Известный ювелир, что не было секретом, занимал высокий пост и заведовал вопросами культуры. К чиновнику такого ранга на кривой козе не подъедешь, вот почему отдел по экономическим преступлениям держался от него на почтительном расстоянии, хотя имелось достаточно материалов по поводу теневой деятельности комбинатора.

Не думал Трифонов, что разговор с Барзаем состоится в мэрии. Барзай принял полковника и его помощника капитана Куприянова очень тепло, с открытой улыбкой. В глазах хозяина кабинета следователь не увидел ни малейшего намека на волнение.

— Присаживайтесь, господа. Рад помочь, если смогу. Это мой долг гражданина.

«Сколько пафоса», — подумал Трифонов.

Сели, долго мерили друг друга взглядами. Наконец Трифонов спросил:

— Вы были знакомы с господином Чаровым?

— Конечно, — ответил не задумываясь Барзай. — В мэрии Геннадия Устиновича хорошо знают. Его проекты здесь приветствовались. Они касаются зон отдыха, как в городе, так и в пригороде. А потом я был на его похоронах, если вы знаете. Мэрия выделила место на Волковском кладбище. Будем ставить ему памятник. Жаль, очень жаль. Удивительный был человек.

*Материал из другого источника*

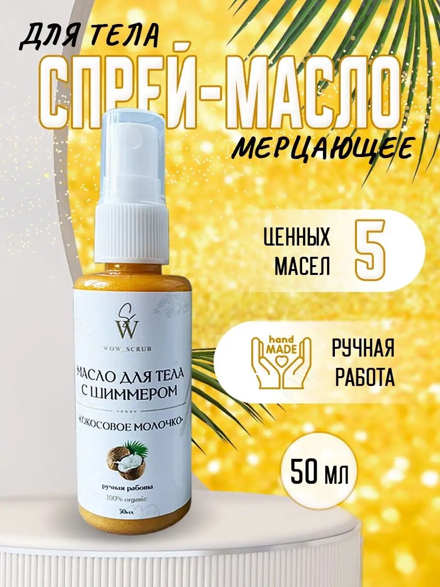 Ищите натуральные косметические масла с шиммером для мерцающего эффекта быстрого загара ?Наш бренд создает натуральную косметику с блестками в виде спрея с мерцанием . Косметическое масло парфюмированное с шимером - это новый уход за телом и кожей ручной работы с дозатором, который обеспечивает полный уход для красоты тела. Светящаяся текстура с эффектом загара прекрасно помогает бороться с растяжками, ускоряет регенерацию клеток, помогает предотвратить процессы старения, а так же тонизирует и смягчает кожу. Витамин Е - для красоты и упругости кожи, подарят ей увлажнение и блеск. Мерцающая коллекция станет отличным выбором для любимой девушки. Мерцающие витамины, антиоксиданты и масло виноградной косточки в составе средства отлично подходят в качестве профилактики против целлюлита, и сухости кожи. Золотой шиммер с ароматом "Кокосовое молочко" увлажняющий не вызывает раздражения и аллергических реакций.

— Вы знаете, когда он погиб?

— К сожалению, узнал слишком поздно. Его бывшая жена обратилась на фирму, которую возглавлял Геннадий Устиныч, а они связались с нами. Кощунство. Человек пролежал десять дней в морге, и никто его не хватился. Кстати, в день его смерти я находился на расстоянии в пару километров от места трагедии. Мы должны были встретиться и думаю, что он ехал на встречу со мной в заповеднике «Три пескаря» на озере Кавголовское. Мы собрались с небольшой компанией поудить рыбку, но Геннадий Устинович так и не приехал. И не мог приехать, как выяснилось потом.

— К вашему ювелирному бизнесу Чаров имел какое-то отношение?

— Нет, никакого.

— А разве он не бывал с вами на аукционе в Лондоне, Амстердаме, Париже?

— Нет. Наши пути перекрещивались за границей, но по совпадению. Случайность, не более того.

Трифонов не хотел давить на Барзая. Фотографии с аукционов и счета из гостиниц ничего не доказывали. Что ему можно предъявить? Желаемого результата Трифонов не добьется.

— Что еще вас связывало с Чаровым?

— Я его душеприказчик, если можно так выразиться. Он вручил мне свое завещание. Кажется, его бывшая жена знает об этом. Секретарша говорила, что госпожа Чарова несколько раз звонила сюда, но меня не заставала на месте. Оставила свой домашний телефон, но я пока еще не звонил. Слишком занят. Догадываюсь, что ее интересует завещание. Но адресовано оно сыну, и я должен вручить документ ему.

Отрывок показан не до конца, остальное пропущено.